── DATA SECTION
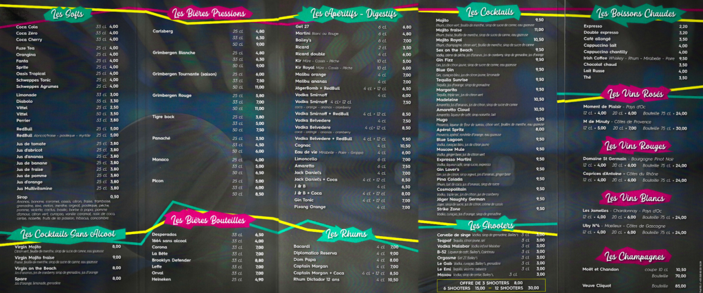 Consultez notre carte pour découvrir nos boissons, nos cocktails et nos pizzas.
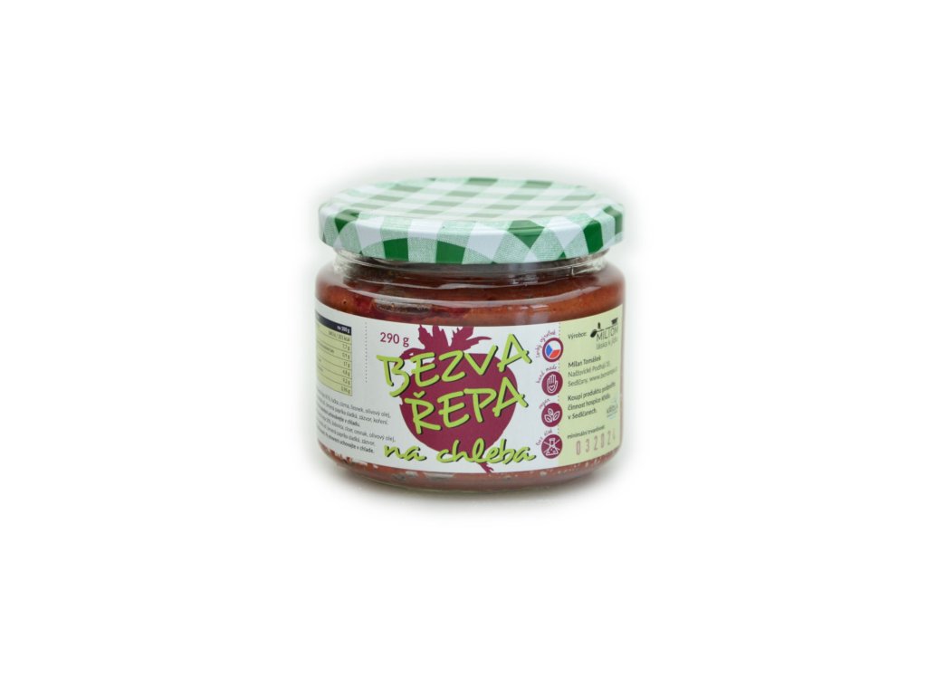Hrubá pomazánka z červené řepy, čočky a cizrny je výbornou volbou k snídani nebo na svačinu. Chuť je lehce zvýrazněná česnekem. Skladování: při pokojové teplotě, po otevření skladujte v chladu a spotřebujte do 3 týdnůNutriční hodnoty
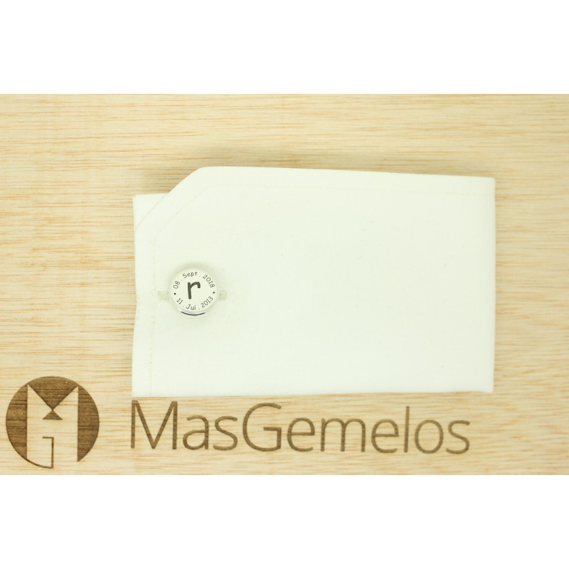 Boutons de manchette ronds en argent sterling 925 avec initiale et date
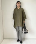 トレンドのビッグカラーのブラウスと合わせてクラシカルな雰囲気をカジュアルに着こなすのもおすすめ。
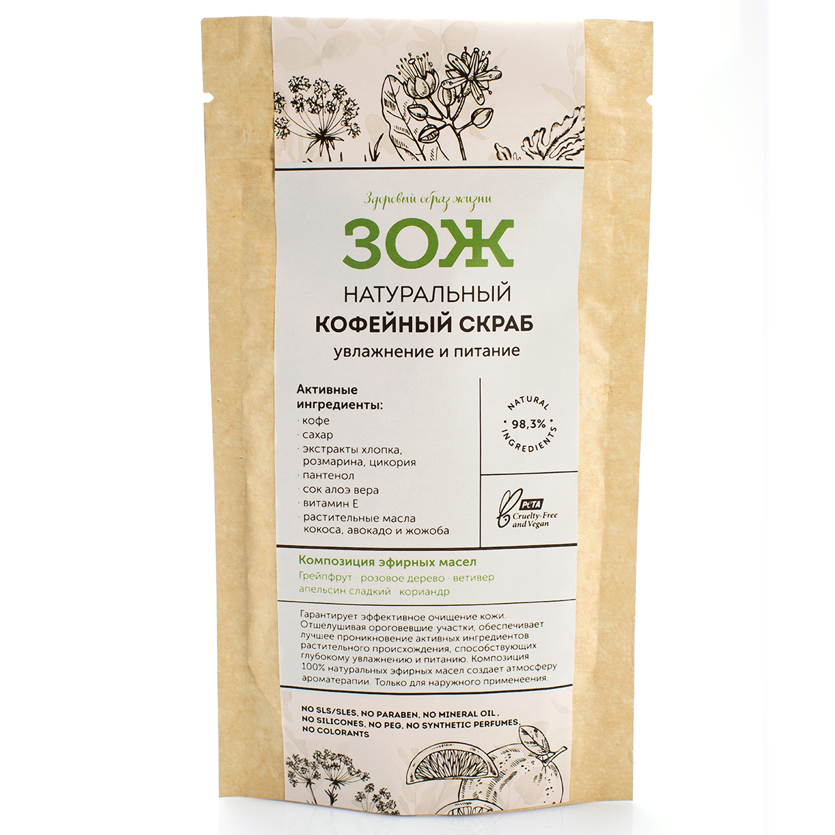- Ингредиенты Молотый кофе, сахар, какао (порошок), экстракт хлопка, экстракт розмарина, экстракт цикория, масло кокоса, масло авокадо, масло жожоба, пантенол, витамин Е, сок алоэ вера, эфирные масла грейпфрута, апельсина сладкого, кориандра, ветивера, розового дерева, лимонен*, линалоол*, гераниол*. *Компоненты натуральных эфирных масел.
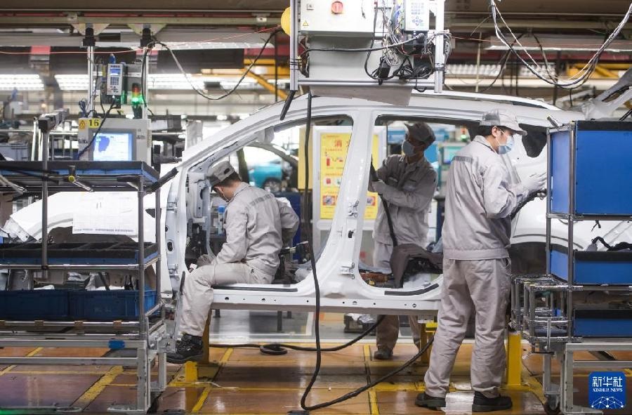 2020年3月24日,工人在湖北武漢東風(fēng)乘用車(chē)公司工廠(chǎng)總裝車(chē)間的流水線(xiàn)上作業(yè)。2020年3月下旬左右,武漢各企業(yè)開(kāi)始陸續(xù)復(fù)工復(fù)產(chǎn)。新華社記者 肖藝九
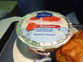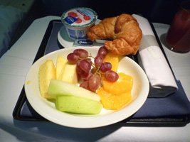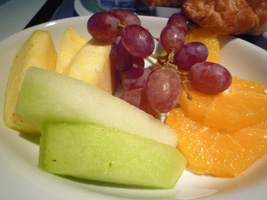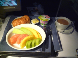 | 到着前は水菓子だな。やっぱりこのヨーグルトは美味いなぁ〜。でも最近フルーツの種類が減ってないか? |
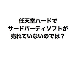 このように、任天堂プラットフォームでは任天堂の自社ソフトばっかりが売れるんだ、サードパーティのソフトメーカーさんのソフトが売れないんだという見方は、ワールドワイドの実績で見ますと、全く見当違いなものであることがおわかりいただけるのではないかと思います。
────
**ASSIGNMENT:** Nothing but the lines from the one holding "トレンドのビッグカラーのブラ" through the last line of the entries should be written out, exactly and inclusively, minus the pictures.

**RESPONSE BELOW:**
 トレンドのビッグカラーのブラウスと合わせてクラシカルな雰囲気をカジュアルに着こなすのもおすすめ。
- Ингредиенты Молотый кофе, сахар, какао (порошок), экстракт хлопка, экстракт розмарина, экстракт цикория, масло кокоса, масло авокадо, масло жожоба, пантенол, витамин Е, сок алоэ вера, эфирные масла грейпфрута, апельсина сладкого, кориандра, ветивера, розового дерева, лимонен*, линалоол*, гераниол*. *Компоненты натуральных эфирных масел.
 2020年3月24日,工人在湖北武漢東風(fēng)乘用車(chē)公司工廠(chǎng)總裝車(chē)間的流水線(xiàn)上作業(yè)。2020年3月下旬左右,武漢各企業(yè)開(kāi)始陸續(xù)復(fù)工復(fù)產(chǎn)。新華社記者 肖藝九
 | 到着前は水菓子だな。やっぱりこのヨーグルトは美味いなぁ〜。でも最近フルーツの種類が減ってないか? |
 このように、任天堂プラットフォームでは任天堂の自社ソフトばっかりが売れるんだ、サードパーティのソフトメーカーさんのソフトが売れないんだという見方は、ワールドワイドの実績で見ますと、全く見当違いなものであることがおわかりいただけるのではないかと思います。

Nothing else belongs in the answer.